Information provided.
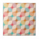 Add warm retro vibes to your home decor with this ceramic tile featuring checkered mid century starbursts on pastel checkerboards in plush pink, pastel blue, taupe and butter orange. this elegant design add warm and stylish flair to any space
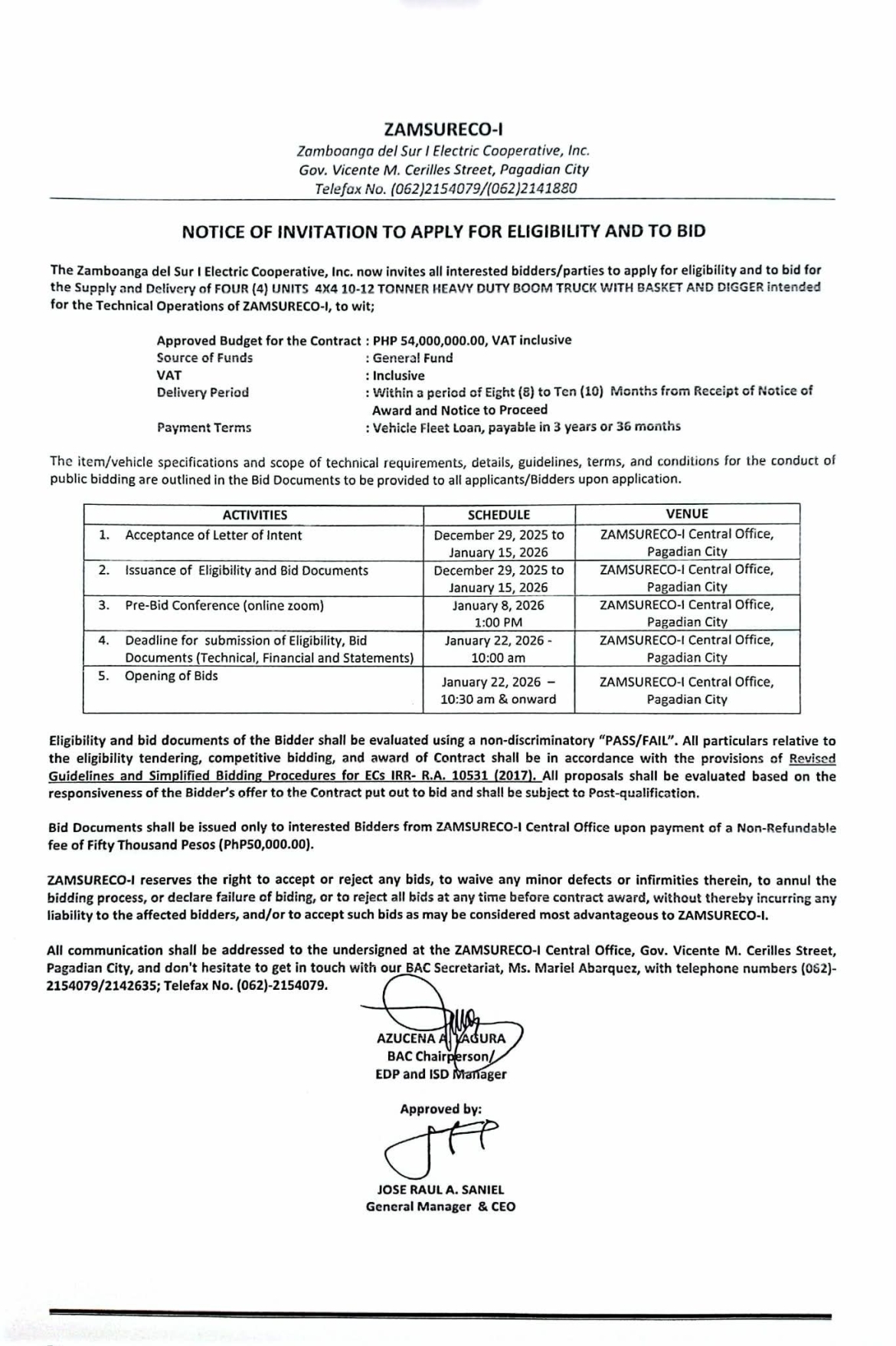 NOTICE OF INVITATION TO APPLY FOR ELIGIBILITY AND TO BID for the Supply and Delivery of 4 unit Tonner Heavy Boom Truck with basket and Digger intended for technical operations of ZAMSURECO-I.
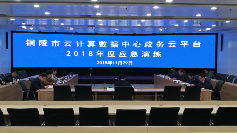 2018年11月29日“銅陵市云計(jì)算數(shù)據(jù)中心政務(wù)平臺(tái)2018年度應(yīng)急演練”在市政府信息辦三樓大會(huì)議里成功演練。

Task brief. Your response should reproduce the entire listing verbatim, minus the pictures.

Response area.
 Add warm retro vibes to your home decor with this ceramic tile featuring checkered mid century starbursts on pastel checkerboards in plush pink, pastel blue, taupe and butter orange. this elegant design add warm and stylish flair to any space
 NOTICE OF INVITATION TO APPLY FOR ELIGIBILITY AND TO BID for the Supply and Delivery of 4 unit Tonner Heavy Boom Truck with basket and Digger intended for technical operations of ZAMSURECO-I.
 2018年11月29日“銅陵市云計(jì)算數(shù)據(jù)中心政務(wù)平臺(tái)2018年度應(yīng)急演練”在市政府信息辦三樓大會(huì)議里成功演練。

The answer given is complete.